—Dios mío...
—Sí, Dios mío. —Blanes torció los labios—. El ojo de Dios viéndolo todo. El Gran Hermano del Tiempo. A ello hay que añadir el espionaje industrial y político, la búsqueda de pruebas de escándalos para expulsar a tal o cual presidente... Es una carrera contrarreloj entre Europa, financiadora del proyecto, y Estados Unidos, que seguramente han iniciado en cualquier isla del Pacífico su Zigzag personal. Hemos demostrado que con una simple cámara de vídeo puedes contemplar todo lo ocurrido en cualquier momento y en cualquier lugar del mundo... Zigzag ha desnudado a la humanidad, y los militares quieren ser los primeros mirones. Solo los frena una cosa, pequeña pero jodida. —Se llevó las manos al pecho—: Yo.
A Elisa no le pareció presunción. Era como si aquel papel no le gustara en absoluto. Sus siguientes palabras se lo confirmaron.
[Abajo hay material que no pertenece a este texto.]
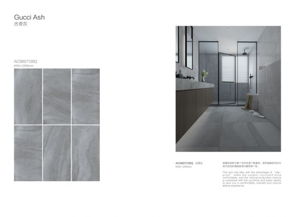 家居中的卫生间装修,需要注重空间使用的安全性,不少居家者都因为防滑工作没有做到位,而给居住环境埋下一个非常大的安全隐患。箭牌瓷砖——古奇灰,采用创新防滑釉面技术制作,在遇水的情况下,瓷砖会变得更加防滑;这款瓷砖不仅改变传统防滑砖的凹凸砖面设计,也在更大程度上提升卫生间的安全性,让每位居家者都能拥有高品质的居住环境。
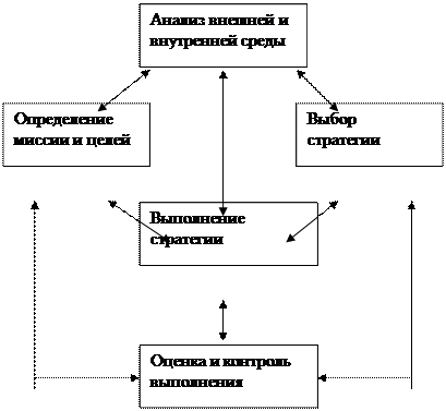 Стратегическое управление можно рассматривать как динамическую совокупность пяти взаимосвязанных управленческих процессов. Эти процессы логически вытекают один из другого. Однако существует устойчивая обратная связь и, соответственно, обратное влияние каждого процесса на остальные и на всю их совокупность. Это является важной особенностью системы стратегического менеджмента.
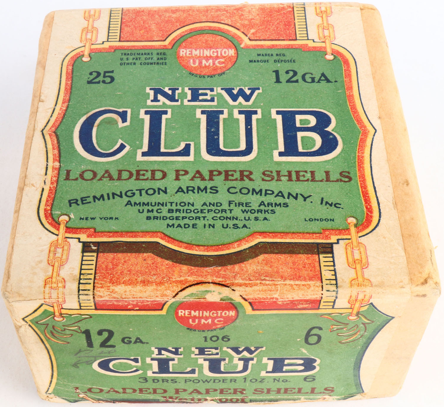 REM-UMC, New Club, 12ga, 2pc., Full with 8rds being correct shot size, shot size 6, buff box with green, yellow, blue & red paper label, with great colors to label box has small shell protrusions, Shells are poor. Grade: Excellent - Value: 30 to 150
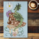 Ein kleiner grüner Drache sitzt auf einem von drei Pilzen mit Blume, umgeben von blauen

—Para ellos soy... ¿Cómo dice el bolero? —Y cantó—: «Soy como una espinita que se te ha clavado en el corazón... ». Te juro que no me agrada ser un incordio para nadie. Me fui de Estados Unidos porque invirtieron en armas antes que en aceleradores, y me marcharé de Europa si Zigzag se destina a uso militar, pero soy consciente de que estoy aquí porque me pagan. Deseo darles lo que me piden, te lo aseguro, pero me niego a experimentar con el
pasado reciente
. —De pronto su voz revelaba inquietud—. Les he dicho que hay riesgos, y es cierto, Elisa... Muchos riesgos, créeme. No obstante, se trata de una postura personal. Sergio, por ejemplo, es más atrevido, aunque ha terminado dándome la razón. Por eso quieren que sigamos con nuestros juegos, para ver si topamos con algo que no implique tantos riesgos y que ellos puedan usar.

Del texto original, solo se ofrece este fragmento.